Bottom line, if your son or daughter wants to be an actor, if that’s been their dream for years and they’re absolutely sure that’s what they want to do, they should seriously consider Purchase. It’s not just a college theatre program; it’s a Conservatory of Theatre preparing them for a career in the professional theatre world.
Thank you so much @ad_astrava. Congratulations to your daughter. This is what I needed to hear. My daughter wants this intensity and always has. She fell in love with Purchase. Tough odds to get a spot but she’ll give it her heart and what will be will be. I so appreciate your response.
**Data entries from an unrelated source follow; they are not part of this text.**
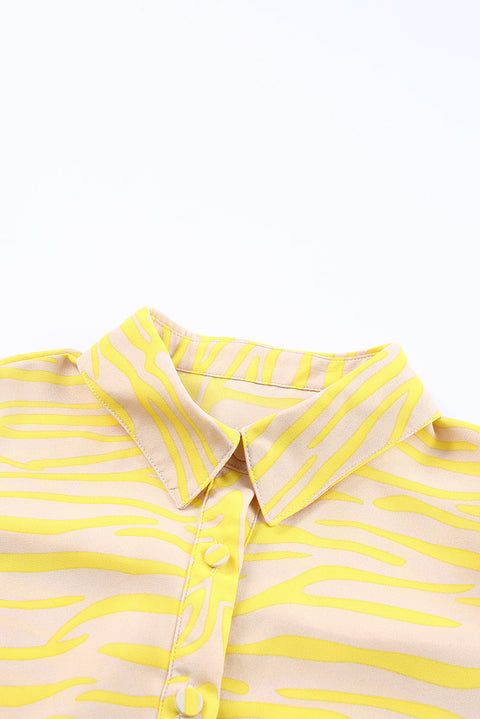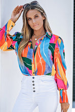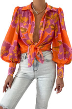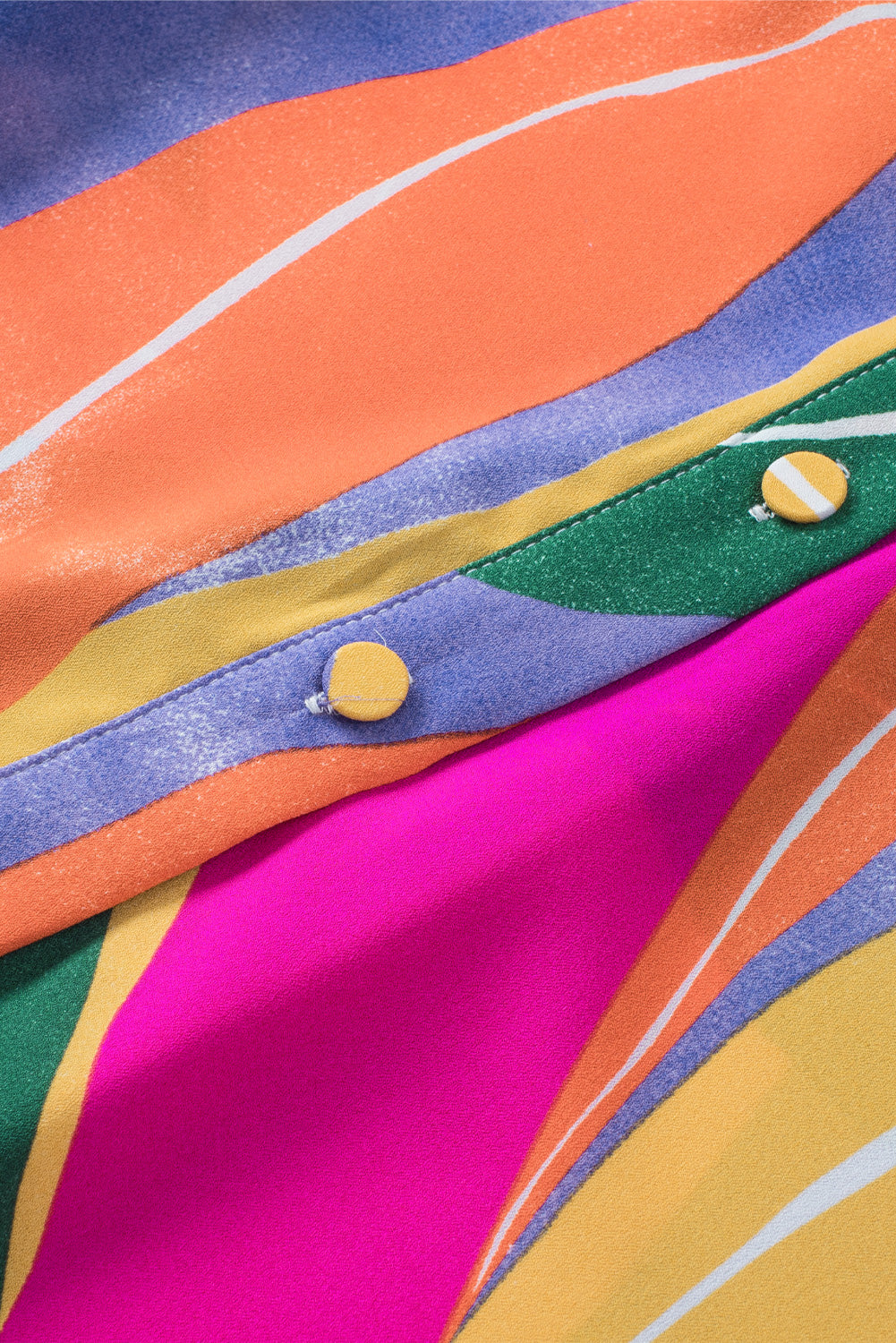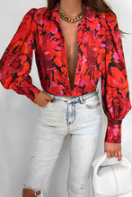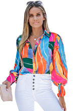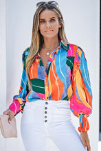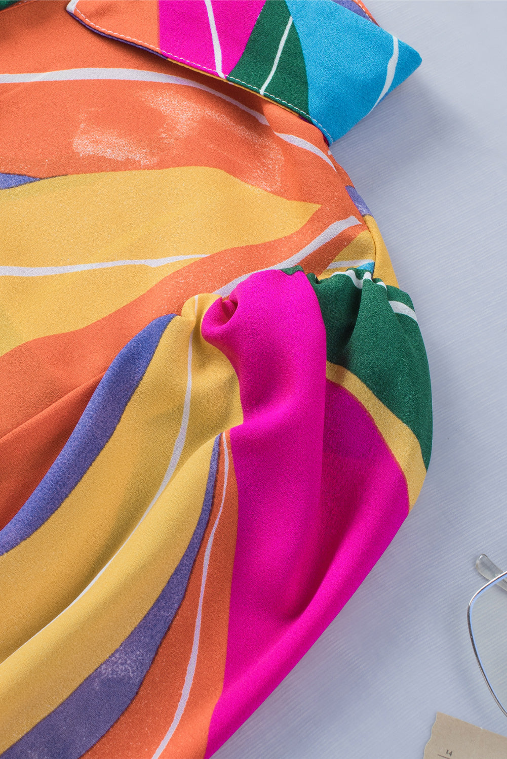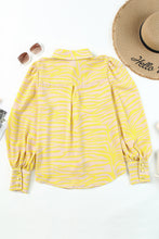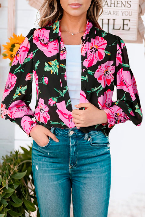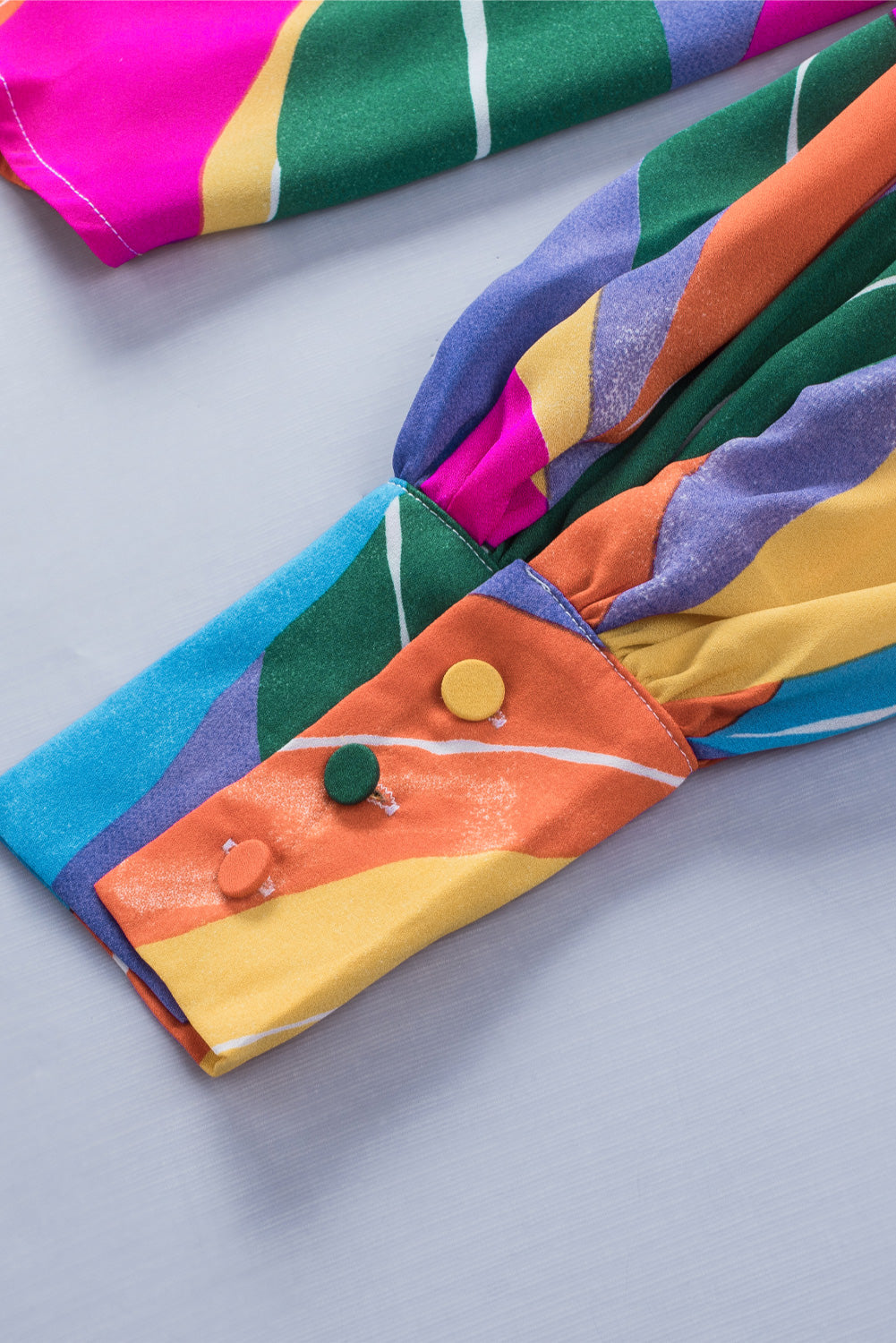 - Modest collar, center-front button opening, long puff sleeves with button cuffs
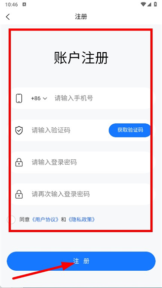 4、在注冊(cè)頁面,依次輸入手機(jī)號(hào)等信息,勾選同意后,點(diǎn)擊注冊(cè)完成操作。
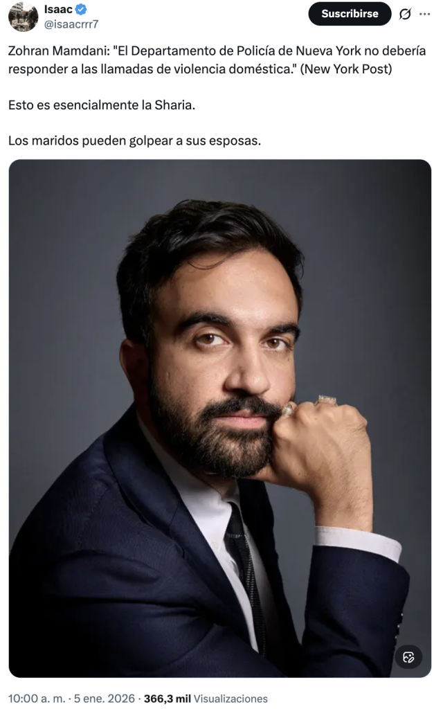 - Nota de Newtral: “Qué sabemos de las declaraciones de Mamdani sobre “violencia doméstica”: no son actuales y están sacadas de contexto”
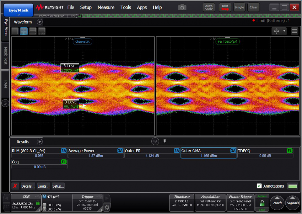 - RxSens(OMA)灵敏度优于-5.5dBm @ 2.4e-4 Pre-FEC 26.5625GBd PAM4
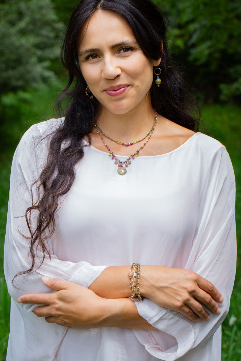 Thrive 25.5-27.5" Citrine Iolite, Blue Apatite, Peridot, Labradorite With Handmade Hill Tribe Fine Silver Floral Mandala Circle Pendant Statement Necklace
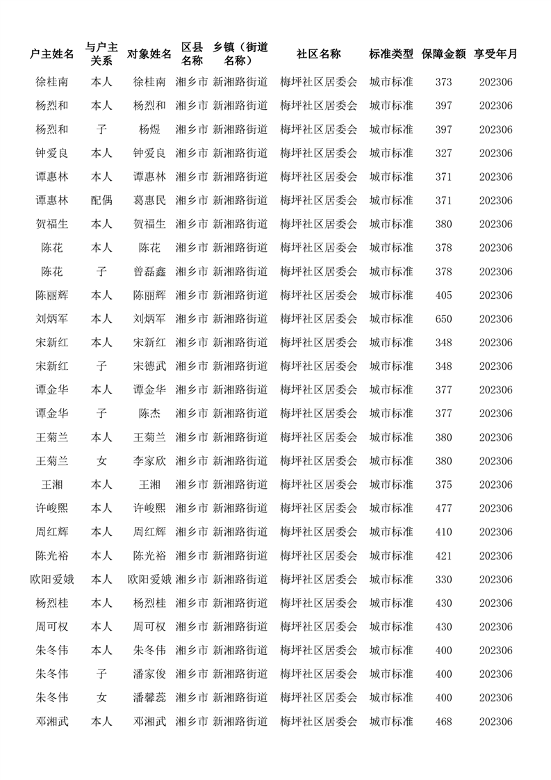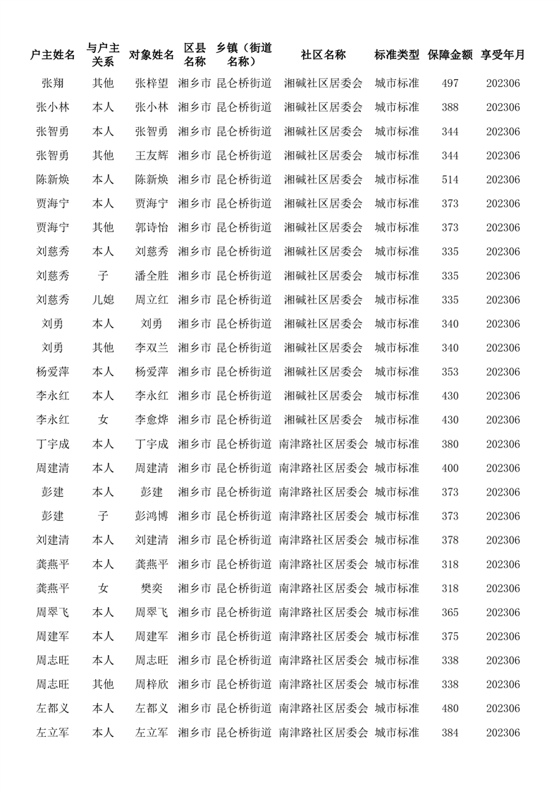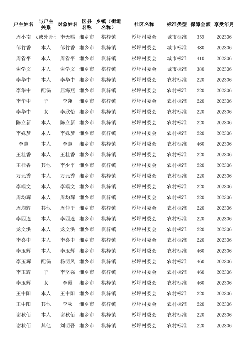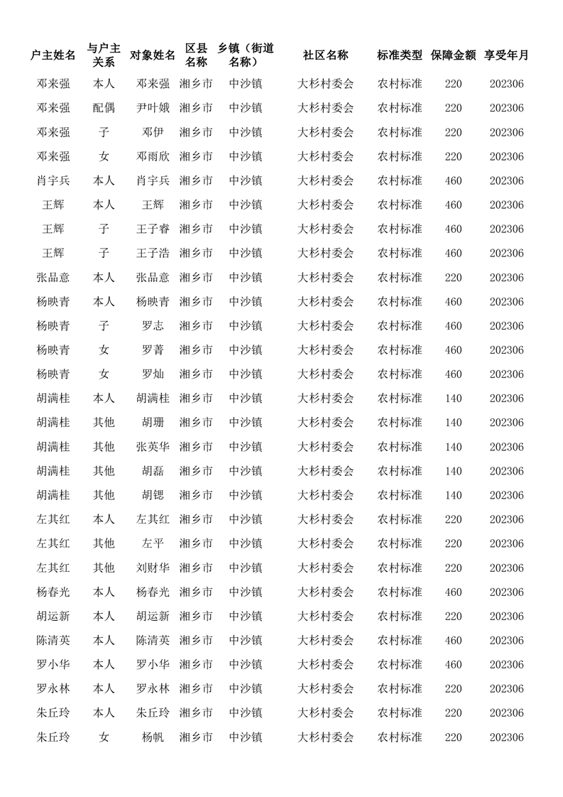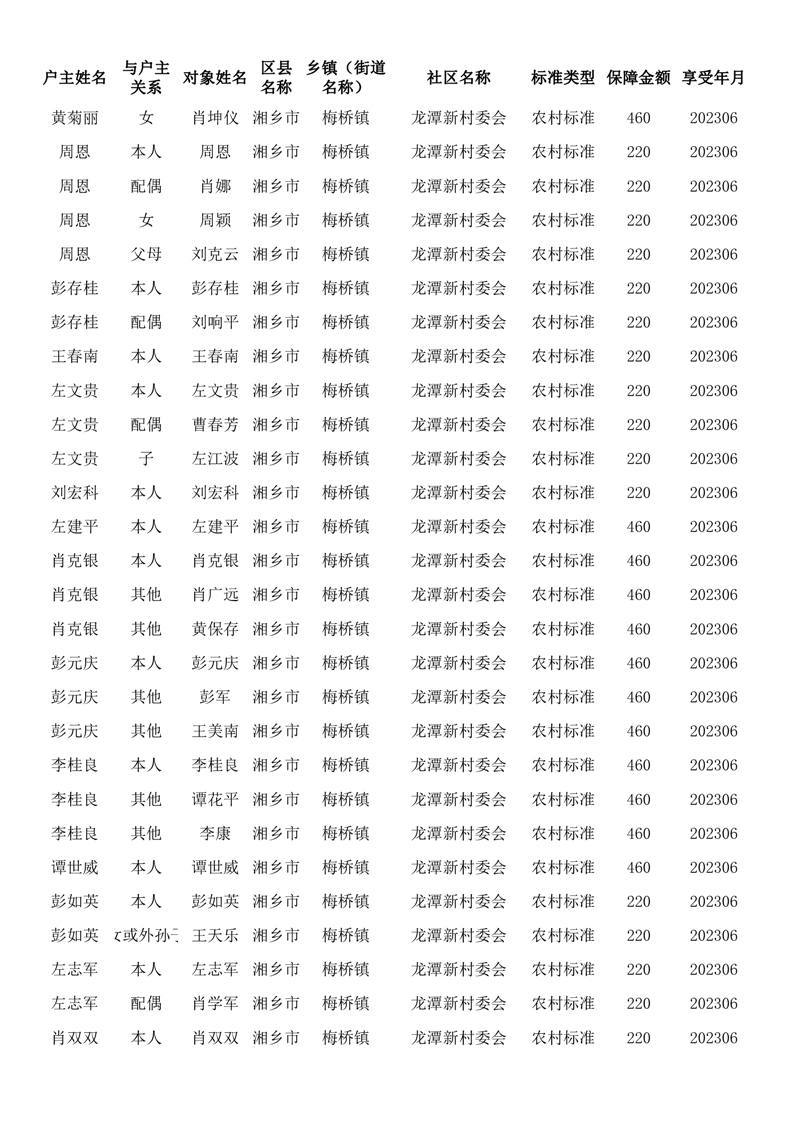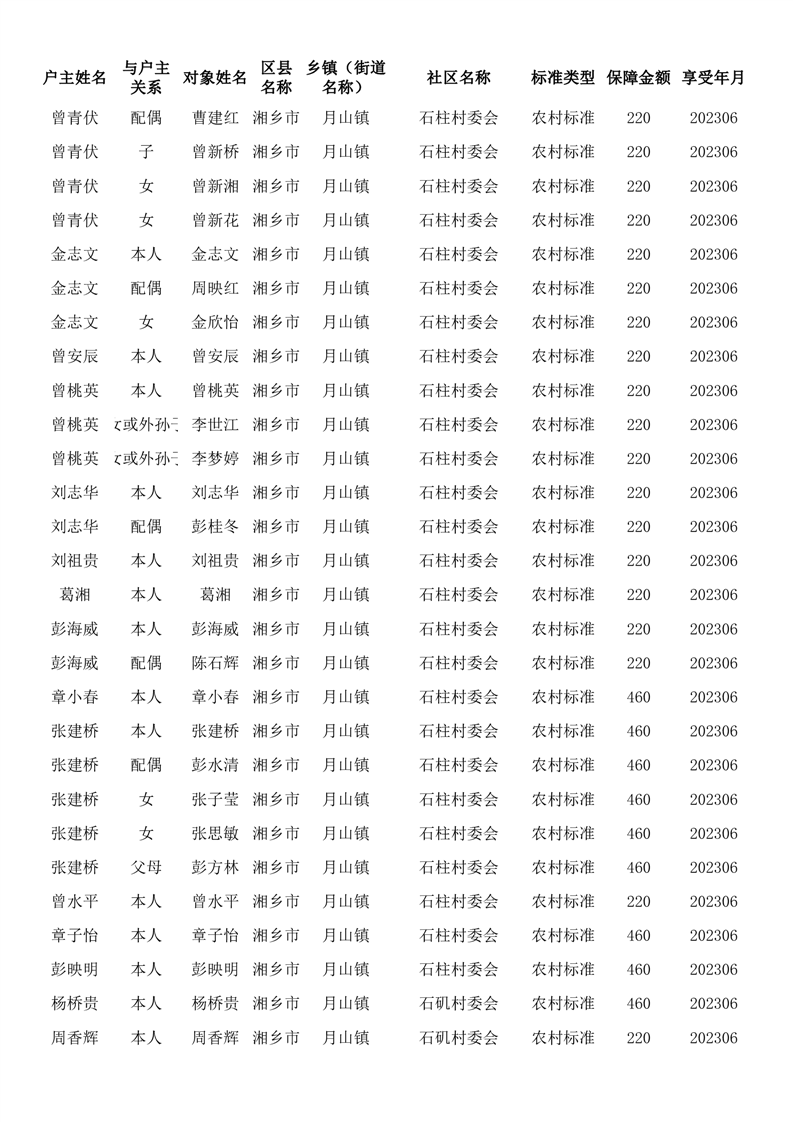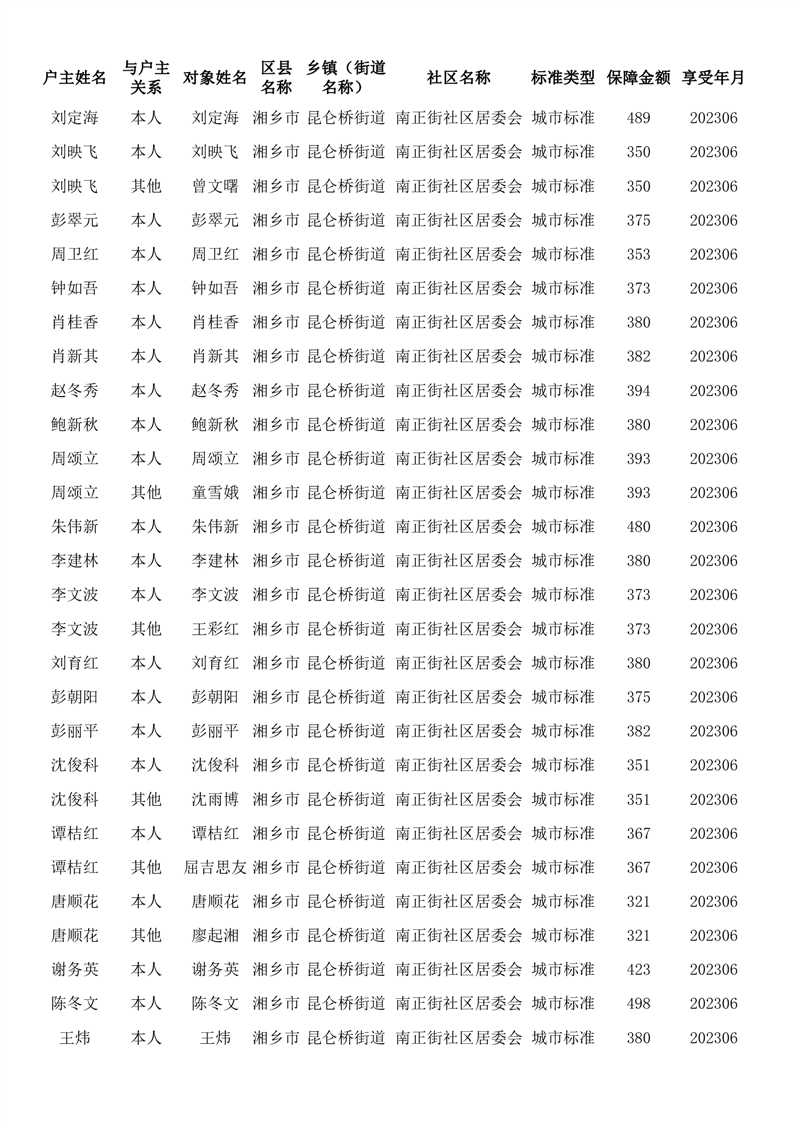 湘鄉(xiāng)市2023年6月城鄉(xiāng)低保救助對象審批匯總表

Have to respectfully disagree with the above poster…if what he/she says is true then Playbill would only be filled with students who have graduated from Purchase and that is clearly not the case. Look at any Broadway show cast listing and it will show a HUGE variety of schooling backgrounds of the performers. Many from “warm and fuzzy” environments as well as “tougher” settings. Some kids thrive in a “tougher” setting while others prefer a softer, calmer environment. Both can be quite successful depending on their style of learning. Toughness does not create greatness, but doing the work needed as an actor is what makes the difference. And that is found within not from the institution.